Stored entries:
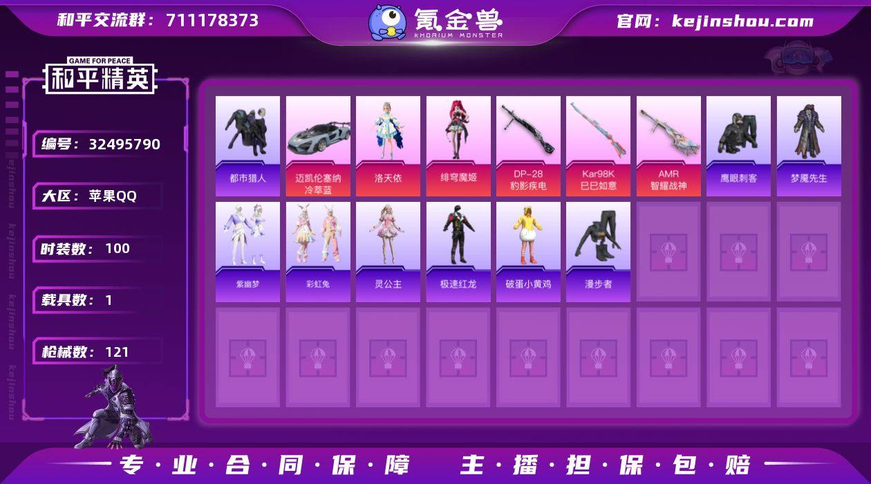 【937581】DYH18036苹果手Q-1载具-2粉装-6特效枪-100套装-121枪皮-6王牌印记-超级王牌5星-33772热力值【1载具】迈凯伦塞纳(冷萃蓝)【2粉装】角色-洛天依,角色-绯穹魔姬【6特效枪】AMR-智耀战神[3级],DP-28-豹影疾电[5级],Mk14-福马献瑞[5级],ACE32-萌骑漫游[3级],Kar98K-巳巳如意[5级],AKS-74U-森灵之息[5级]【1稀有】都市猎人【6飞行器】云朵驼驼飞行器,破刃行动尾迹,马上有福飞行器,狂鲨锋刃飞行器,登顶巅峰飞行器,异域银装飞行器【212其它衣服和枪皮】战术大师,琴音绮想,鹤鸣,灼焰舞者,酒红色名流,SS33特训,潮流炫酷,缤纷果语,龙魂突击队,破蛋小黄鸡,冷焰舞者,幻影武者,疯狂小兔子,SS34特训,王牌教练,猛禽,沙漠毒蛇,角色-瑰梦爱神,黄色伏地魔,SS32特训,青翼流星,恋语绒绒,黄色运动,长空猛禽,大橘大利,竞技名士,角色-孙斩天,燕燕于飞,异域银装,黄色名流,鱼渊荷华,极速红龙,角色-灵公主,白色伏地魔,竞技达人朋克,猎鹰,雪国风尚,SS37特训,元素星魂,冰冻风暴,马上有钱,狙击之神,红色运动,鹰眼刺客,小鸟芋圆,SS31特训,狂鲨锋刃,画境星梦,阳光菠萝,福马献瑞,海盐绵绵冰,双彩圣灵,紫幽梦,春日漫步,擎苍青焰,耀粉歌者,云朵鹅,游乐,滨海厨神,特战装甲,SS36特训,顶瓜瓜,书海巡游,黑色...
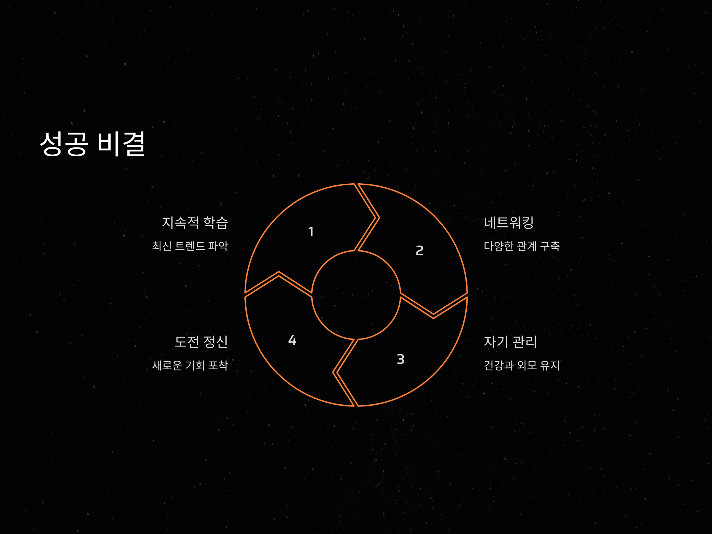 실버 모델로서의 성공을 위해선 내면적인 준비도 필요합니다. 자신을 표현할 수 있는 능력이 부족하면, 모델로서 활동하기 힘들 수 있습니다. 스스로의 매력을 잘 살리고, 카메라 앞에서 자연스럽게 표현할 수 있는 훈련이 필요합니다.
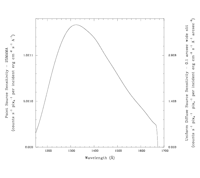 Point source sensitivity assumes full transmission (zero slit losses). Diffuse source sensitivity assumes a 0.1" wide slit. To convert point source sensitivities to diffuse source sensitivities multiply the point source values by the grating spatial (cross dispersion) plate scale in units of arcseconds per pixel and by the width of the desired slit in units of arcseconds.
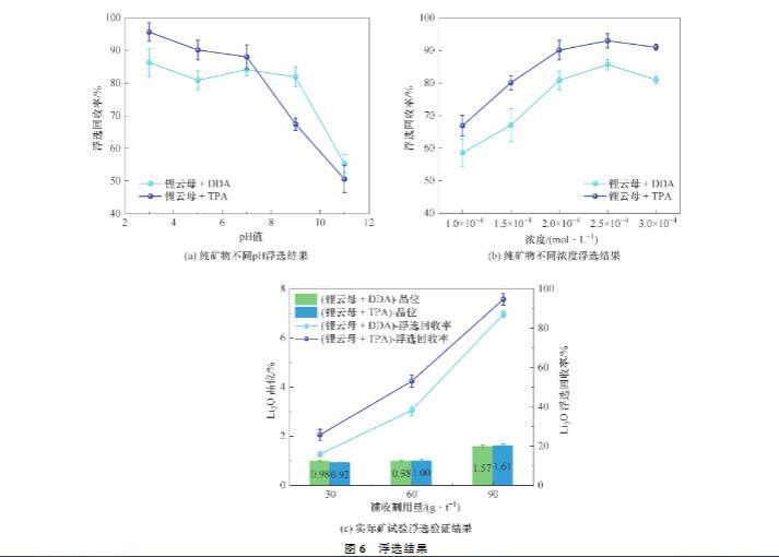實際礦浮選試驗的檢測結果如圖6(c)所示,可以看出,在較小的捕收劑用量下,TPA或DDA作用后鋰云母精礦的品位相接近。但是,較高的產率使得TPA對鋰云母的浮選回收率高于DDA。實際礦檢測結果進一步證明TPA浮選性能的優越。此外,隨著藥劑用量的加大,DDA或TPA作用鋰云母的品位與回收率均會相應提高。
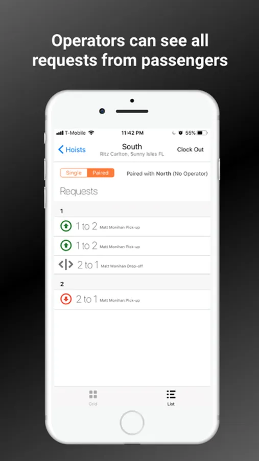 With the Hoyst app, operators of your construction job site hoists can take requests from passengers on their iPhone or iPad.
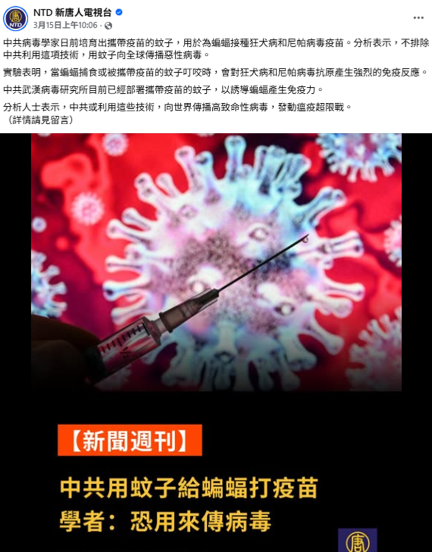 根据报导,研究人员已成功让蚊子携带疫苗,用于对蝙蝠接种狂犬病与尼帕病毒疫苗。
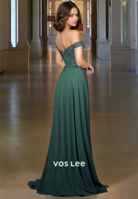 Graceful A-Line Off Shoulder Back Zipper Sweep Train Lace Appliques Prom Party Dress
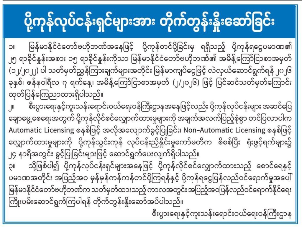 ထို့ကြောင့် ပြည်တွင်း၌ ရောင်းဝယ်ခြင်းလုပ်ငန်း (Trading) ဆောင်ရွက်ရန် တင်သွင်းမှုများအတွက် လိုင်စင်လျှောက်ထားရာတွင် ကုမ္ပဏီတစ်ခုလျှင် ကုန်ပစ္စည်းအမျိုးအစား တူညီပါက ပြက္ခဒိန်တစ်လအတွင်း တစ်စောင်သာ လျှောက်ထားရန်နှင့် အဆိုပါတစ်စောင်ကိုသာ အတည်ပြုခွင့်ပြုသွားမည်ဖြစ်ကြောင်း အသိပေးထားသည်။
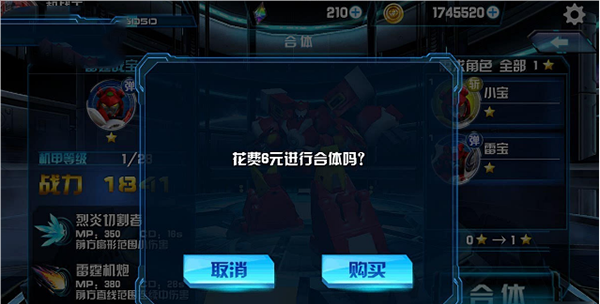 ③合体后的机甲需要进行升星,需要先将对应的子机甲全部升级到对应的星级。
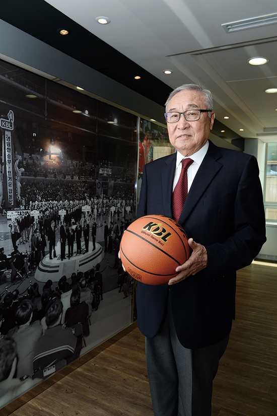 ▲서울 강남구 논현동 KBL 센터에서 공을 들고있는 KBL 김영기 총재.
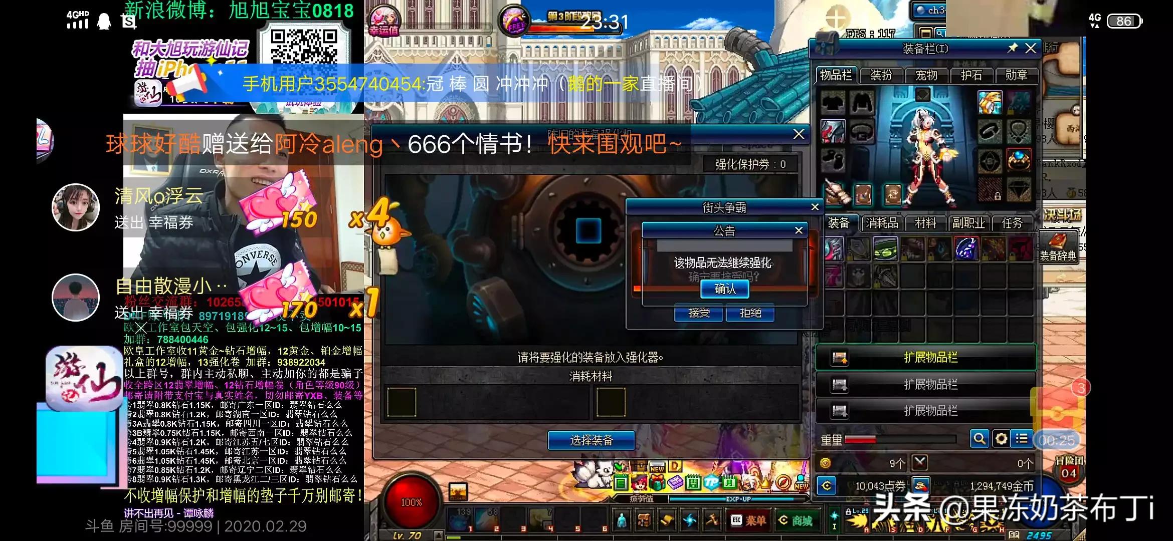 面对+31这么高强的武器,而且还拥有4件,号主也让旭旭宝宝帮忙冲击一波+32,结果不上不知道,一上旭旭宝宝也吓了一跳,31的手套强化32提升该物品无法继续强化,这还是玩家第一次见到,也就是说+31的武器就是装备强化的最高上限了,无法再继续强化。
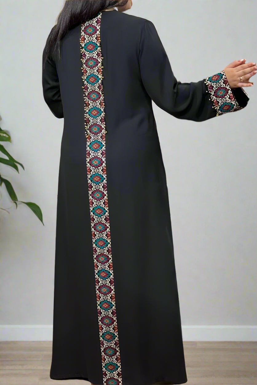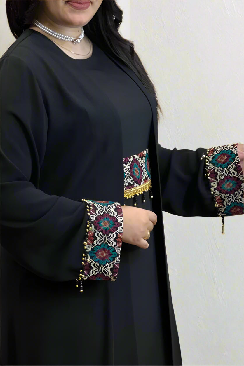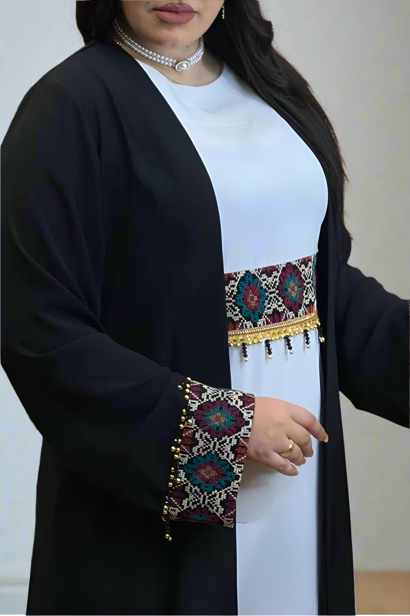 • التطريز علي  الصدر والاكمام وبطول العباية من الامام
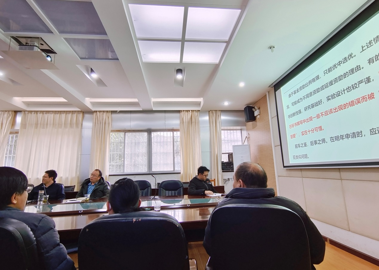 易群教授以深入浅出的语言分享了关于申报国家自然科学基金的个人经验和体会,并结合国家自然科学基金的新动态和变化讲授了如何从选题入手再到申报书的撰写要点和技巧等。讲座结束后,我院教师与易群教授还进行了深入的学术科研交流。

» ACTIVITY
Your output must consist only of the lines from the line with "With the Hoyst" through the final line of the data, both included, reproduced exactly and free of pictures.

» RESPONSE TO THIS TASK
 With the Hoyst app, operators of your construction job site hoists can take requests from passengers on their iPhone or iPad.
 根据报导,研究人员已成功让蚊子携带疫苗,用于对蝙蝠接种狂犬病与尼帕病毒疫苗。
 Graceful A-Line Off Shoulder Back Zipper Sweep Train Lace Appliques Prom Party Dress
 ထို့ကြောင့် ပြည်တွင်း၌ ရောင်းဝယ်ခြင်းလုပ်ငန်း (Trading) ဆောင်ရွက်ရန် တင်သွင်းမှုများအတွက် လိုင်စင်လျှောက်ထားရာတွင် ကုမ္ပဏီတစ်ခုလျှင် ကုန်ပစ္စည်းအမျိုးအစား တူညီပါက ပြက္ခဒိန်တစ်လအတွင်း တစ်စောင်သာ လျှောက်ထားရန်နှင့် အဆိုပါတစ်စောင်ကိုသာ အတည်ပြုခွင့်ပြုသွားမည်ဖြစ်ကြောင်း အသိပေးထားသည်။
 ③合体后的机甲需要进行升星,需要先将对应的子机甲全部升级到对应的星级。
 ▲서울 강남구 논현동 KBL 센터에서 공을 들고있는 KBL 김영기 총재.
 面对+31这么高强的武器,而且还拥有4件,号主也让旭旭宝宝帮忙冲击一波+32,结果不上不知道,一上旭旭宝宝也吓了一跳,31的手套强化32提升该物品无法继续强化,这还是玩家第一次见到,也就是说+31的武器就是装备强化的最高上限了,无法再继续强化。
 • التطريز علي  الصدر والاكمام وبطول العباية من الامام
 易群教授以深入浅出的语言分享了关于申报国家自然科学基金的个人经验和体会,并结合国家自然科学基金的新动态和变化讲授了如何从选题入手再到申报书的撰写要点和技巧等。讲座结束后,我院教师与易群教授还进行了深入的学术科研交流。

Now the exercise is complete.